Here's some links to a few photos I took of a buddy's bear he killed last weekend on the San Juan unit. His taxidermist, who has handled a lot of bear, thinks the bear is at least 25 years old, though we may have to wait until the DWR finishes their analysis to find out for sure. The bear hide measured 7'4" nose to tail and 7' across the front paws. The skull green scored at 21 3/8 inches so even after the normal 3/8"-1/2"shrinkage, it should easily make Boone and Crockett.

We had a fun hunt. We hunted several days before we caught this bear and treed at least one bear everyday we hunted, but none were quite what we were looking for. Besides our own dogs, we also got help from Tony Bettis, Charlie Helquist, Big Daddy Hollingsworth as well as others. Thanks guys, let's do it again real soon!

http://www.hunt101.com/img/516183.jpg

http://www.hunt101.com/img/516181.jpg

http://www.hunt101.com/img/516182.jpg

http://www.hunt101.com/img/516184.JPG

http://www.hunt101.com/img/516186.jpg


----------



## Rustynail (Sep 13, 2007)

Nice bear kevin.

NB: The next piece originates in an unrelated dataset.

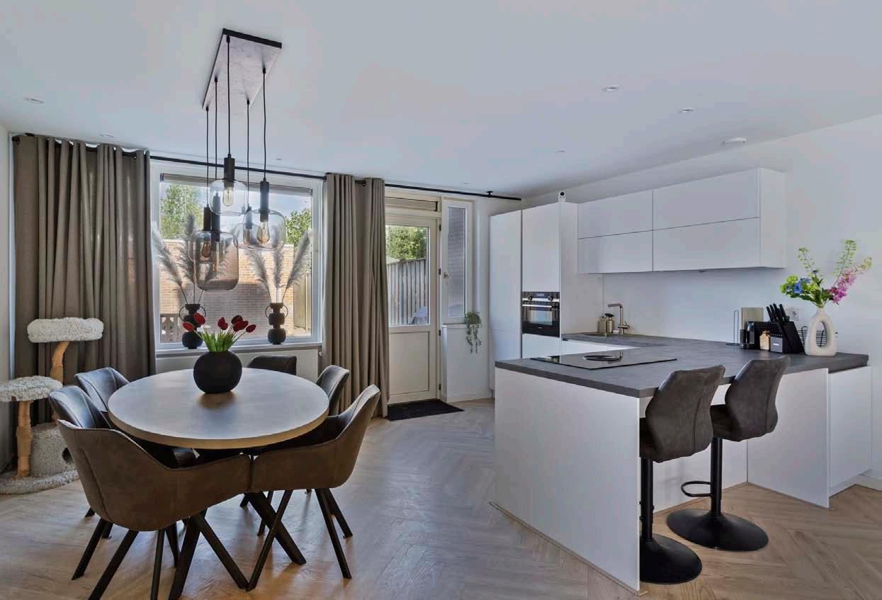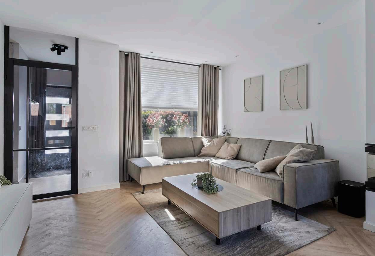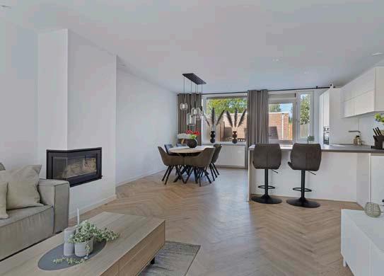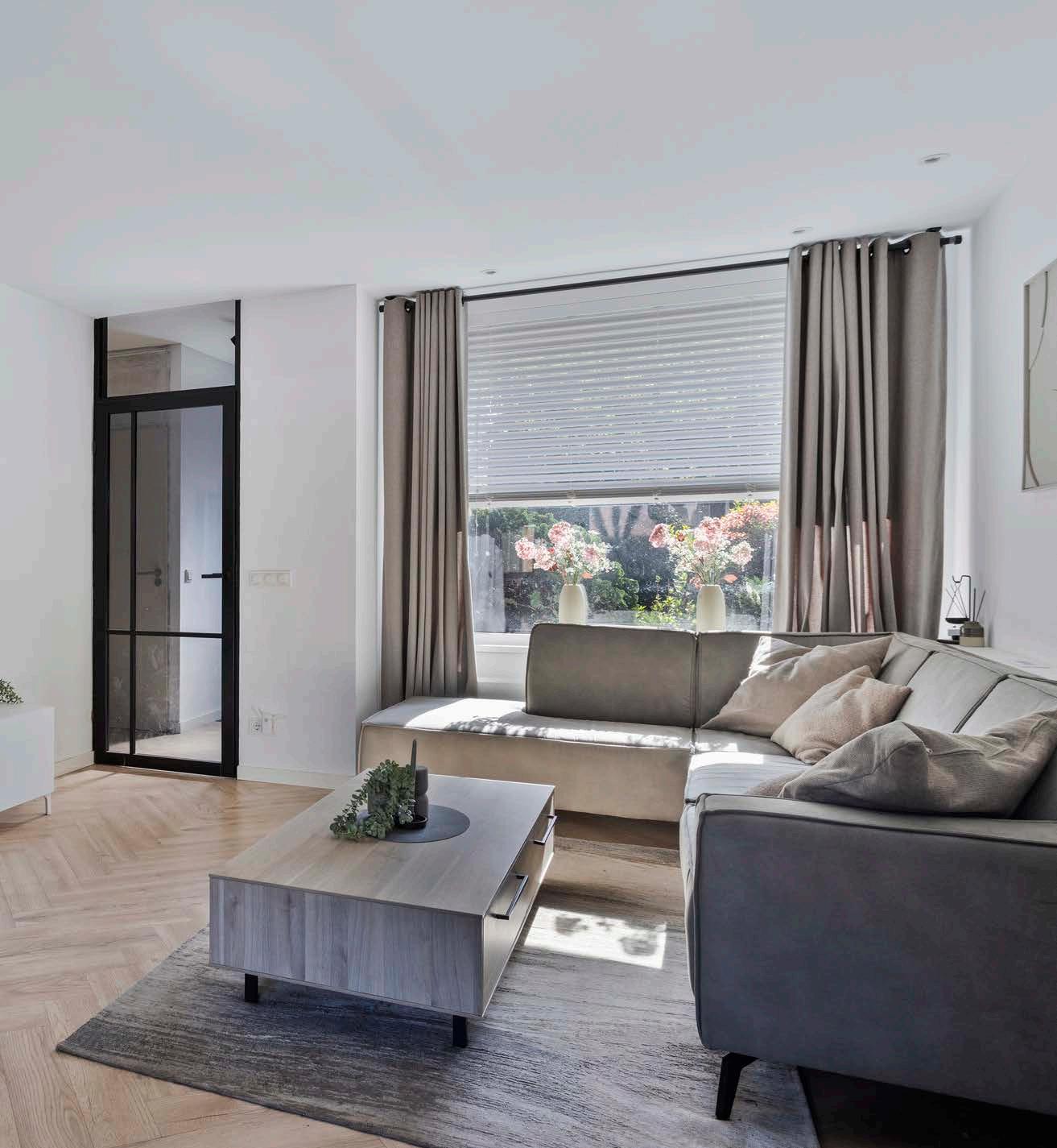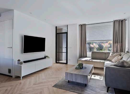 De open woonkamer is afgewerkt met strak gestuukte wanden en een prachtige visgraatvloer die direct de juiste sfeer neerzet. De grote raampartijen zorgen voor een prettige lichtinval en verbinden binnen met buiten.

It's great to see some pics of bears. Keep posting.


----------



## stick_man (Sep 10, 2007)

Great job on the bear. There are getting to be quite a few down there, mostly smaller ones. Glad to see a big one taken every once in a while.

Did you use any of the locals to help out with dogs? There are several good ones in Blanding that also do very well with the big cats.

Congrats again.


----------



## Kevin D (Sep 15, 2007)

Gracias Rusty and Stick_man, we just got lucky.

One of our group, Charlie Helquist, is a local from Monticello. He was the one who steered us into this bear. Charlie had a couple hunters the week before trying to catch this bear but it always managed to head into the rough ledges and get away. When we ran him, however, we were able to get in front of him, head him off, and dump a bunch of fresh dogs on him. Like I said, we were fortunate things turned out the way they did.

I've met a bunch of the houndsmen from Blanding....and have even hunted with one or two. The variety of game around Blanding makes it a hound hunters paradise.


----------



## ol'mosshorns (Sep 17, 2007)

looks like Todd h2oson


----------



## Kevin D (Sep 15, 2007)

ol'mosshorns said:


> looks like Todd h2oson


You know Tod ehh?? Yeah, he's the hunter who had the tag. Next time you talk to him tell him you saw his bear pictures on the internet and heard that after 20 years of being my apprentice in hounds, it's about time he stepped out from under my shadow and started pulling his own weight! :mrgreen:

That'll get him going............ 8)


----------



## dkhntrdstn (Sep 7, 2007)

thats a big o bear there. congrats on him. let us know when you find out how old he was. congrates again to you and your buddys for geting him. nice job.


----------



## sk8nrob (Sep 14, 2007)

what a monster! congrats all around, and the dogs should get an extra treat or two!


----------



## lehi (Sep 13, 2007)

Thats a big bear!


----------